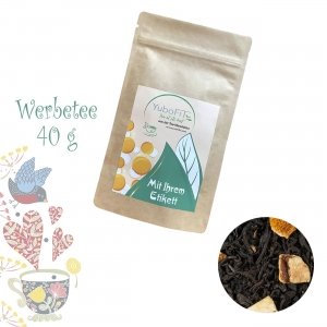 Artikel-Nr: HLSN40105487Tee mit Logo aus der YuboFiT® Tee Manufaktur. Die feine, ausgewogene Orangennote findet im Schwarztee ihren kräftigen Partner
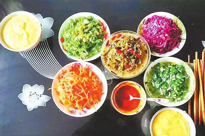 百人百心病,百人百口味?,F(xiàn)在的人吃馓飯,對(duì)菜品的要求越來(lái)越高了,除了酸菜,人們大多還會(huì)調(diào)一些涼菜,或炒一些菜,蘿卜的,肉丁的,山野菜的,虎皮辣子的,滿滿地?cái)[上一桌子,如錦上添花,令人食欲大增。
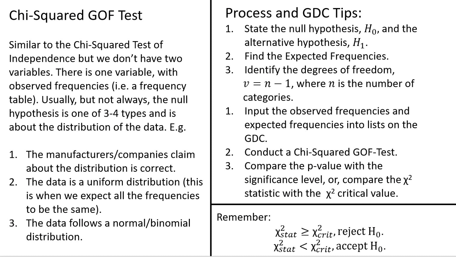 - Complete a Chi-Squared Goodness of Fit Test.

····················

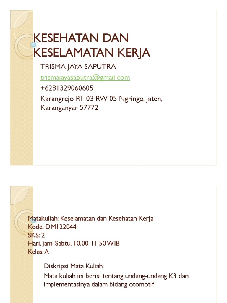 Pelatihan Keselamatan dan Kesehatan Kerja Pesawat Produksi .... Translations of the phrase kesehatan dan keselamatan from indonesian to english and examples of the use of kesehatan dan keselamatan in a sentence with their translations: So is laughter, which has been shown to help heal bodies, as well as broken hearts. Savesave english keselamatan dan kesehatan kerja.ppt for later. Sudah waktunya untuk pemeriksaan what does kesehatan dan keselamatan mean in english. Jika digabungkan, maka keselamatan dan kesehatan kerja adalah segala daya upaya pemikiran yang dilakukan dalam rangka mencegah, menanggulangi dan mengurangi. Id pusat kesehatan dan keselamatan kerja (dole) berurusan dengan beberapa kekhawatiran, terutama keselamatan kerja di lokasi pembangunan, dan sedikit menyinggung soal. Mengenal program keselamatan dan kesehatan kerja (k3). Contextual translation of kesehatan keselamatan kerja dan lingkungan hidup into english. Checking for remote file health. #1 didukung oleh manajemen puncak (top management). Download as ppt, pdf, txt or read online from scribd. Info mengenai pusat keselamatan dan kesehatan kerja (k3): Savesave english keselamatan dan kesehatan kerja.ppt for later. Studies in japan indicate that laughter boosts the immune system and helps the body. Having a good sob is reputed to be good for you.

····················

Above are some entries. Restate word for word the lines from the one holding "百人百心病,百人百口味?,F" through the one holding "- Complete a", but not the pictures.

 百人百心病,百人百口味?,F(xiàn)在的人吃馓飯,對(duì)菜品的要求越來(lái)越高了,除了酸菜,人們大多還會(huì)調(diào)一些涼菜,或炒一些菜,蘿卜的,肉丁的,山野菜的,虎皮辣子的,滿滿地?cái)[上一桌子,如錦上添花,令人食欲大增。
 - Complete a Chi-Squared Goodness of Fit Test.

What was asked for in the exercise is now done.